By exchanging ${\alpha }_{nm}$ and ${\beta }_{mn}$ in an iterative manner, the standard BP detector can obtain fine error performance if a sufficient number of BP iterations are performed. However, the cardinality of ${\mathsf{X}}^{K,b}$ in (2) is $2^{KQ-1}$(=$2^{N-1})$ for both $b=0$ and 1. Therefore, the computational complexity of the standard BP detector for each iteration exponentially increases with K and Q. In addition, because the fully connected bipartite graph is a loopy graph containing many cycles, the convergence of the standard BP detector is not guaranteed [18]. Therefore, the standard BP detector requires a number of BP iterations to achieve acceptable error performance, which is impractical when considering the huge computational load of each BP iteration.

3.2. QR-BP Detector

In the QR-BP detector, QR decomposition is performed on the original channel matrix $\mathbf{H}$ and linear transformation is performed using the unitary matrix obtained from QR decomposition.
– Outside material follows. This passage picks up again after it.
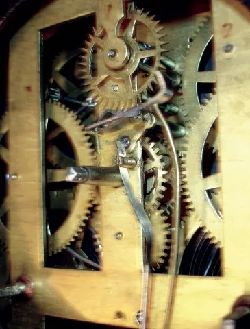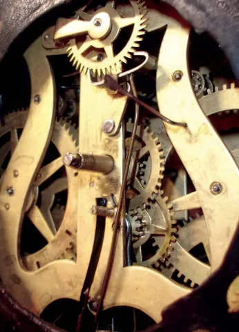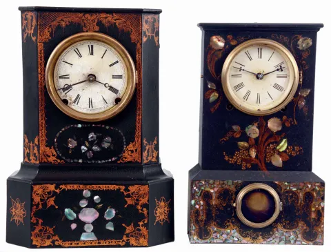 Clocks- 2 (Two): (1) New England Clock Co., Bristol, Conn., iron case mantel clock with gilt design and mother of pearl inlay with a spring driven, 8 days, time and strike movement, c1851. (2) Terry & Andrews, Ansonia Conn., iron case mantel clock with gilt and mother of pearl design and a spring driven, 8 days, time and strike, lyre movement, c1851. (1) The case retains its original finish in good condition. The paper dial has aged with a darker color. The hands are original. Ht 14 3/4". (2) The case retains its original gilt and M.O.P. but may have had a later finish applied, The original painted dial has some restoration. The hands are original, The movement is signed. Ht 13 3/4".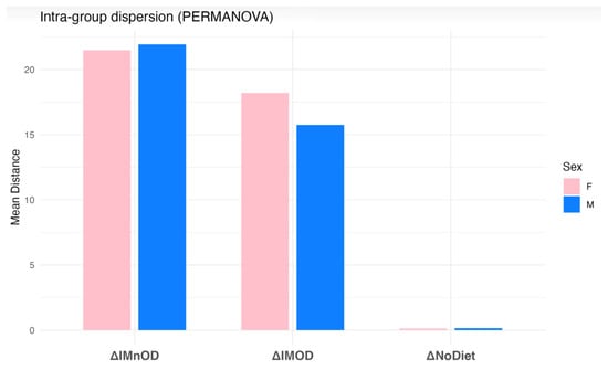 To further explore intra-group variability, beta-dispersion analysis was performed based on the Euclidean distances to group centroids. As shown in Figure A2 (Appendix A), dispersion patterns varied across intervention groups and sexes.

Specifically, following QR decomposition, $\mathbf{H}$ can be rewritten as

$$\mathbf{H}=\mathbf{Q}[\mathbf{R};{\mathbf{0}}_{(M-K)\times K}],$$

(5)

where $\mathbf{Q}$ is an $M\times M$ unitary matrix and $\mathbf{R}=[{\mathbf{r}}_1;\cdots ;{\mathbf{r}}_K]$ is a $K\times K$ upper triangular matrix with a $1\times K$ row vector ${\mathbf{r}}_m$ for $1\le m\le K$, where the first $(m-1)$ elements in ${\mathbf{r}}_m$ are equal to zero (i.e., ${\mathbf{r}}_m=[{\mathbf{0}}_{1\times (m-1)},r_{m,m},\cdots ,r_{m,K}]$). Because $[{\mathbf{I}}_K,{\mathbf{0}}_{K\times (M-K)}]{\mathbf{Q}}^H\mathbf{H}=\mathbf{R}$, based on the multiplication of $[{\mathbf{I}}_K,{\mathbf{0}}_{K\times (M-K)}]{\mathbf{Q}}^H$, $\mathbf{y}$ in (1) can be transformed as

$$\tilde{\mathbf{y}}=\left[{\mathbf{I}}_K,{\mathbf{0}}_{K\times (M-K)}\right]{\mathbf{Q}}^H\mathbf{y}=\mathbf{Rx}+\tilde{\mathbf{n}},$$

(6)

where $\tilde{\mathbf{y}}={[{\tilde{y}}_1,\cdots ,{\tilde{y}}_K]}^T$ and $\tilde{\mathbf{n}}=[{\mathbf{I}}_K,{\mathbf{0}}_{K\times (M-K)}]{\mathbf{Q}}^H\mathbf{n}$ are the $K\times 1$ receive signal and AWGN vectors following linear transformation, respectively, and the new channel matrix $\mathbf{R}$ can be written as

$$\mathbf{R}=\left[\begin{array}{c}{\mathbf{r}}_1\\ {\mathbf{r}}_2\\ ⋮\\ {\mathbf{r}}_K\end{array}\right]=\left[\begin{array}{cccc}{r}_{1,1}& r_{1,2}& \cdots & r_{1,K}\\ 0& r_{2,2}& \cdots & r_{2,K}\\ ⋮& \ddots & \ddots & ⋮\\ 0& \cdots & 0& r_{K,K}\end{array}\right].$$

(7)

Therefore, after linear transformation based on QR decomposition, the original $M\times K$ MIMO system model in (1) with $\mathbf{H}$ is represented by the $K\times K$ MIMO system model in (6) with $\mathbf{R}$. Because of the upper triangular structure of $\mathbf{R}$, the bipartite graph based on (6) is not fully connected. Therefore, the numbers of ${\alpha }_{nm}$ and ${\beta }_{mn}$ are reduced compared to the standard BP detector. Specifically, corresponding to the non-zero elements of $\mathbf{R}$, ${\beta }_{mn}$ exists for $1\le m\le K$ and $(m-1)Q+1\le n\le N$, and ${\alpha }_{nm}$ exists for $1\le n\le N$ and $1\le m\le ⌈n/Q⌉$. Then, in the tth BP iteration, each ${\beta }_{mn}$ is given by [12]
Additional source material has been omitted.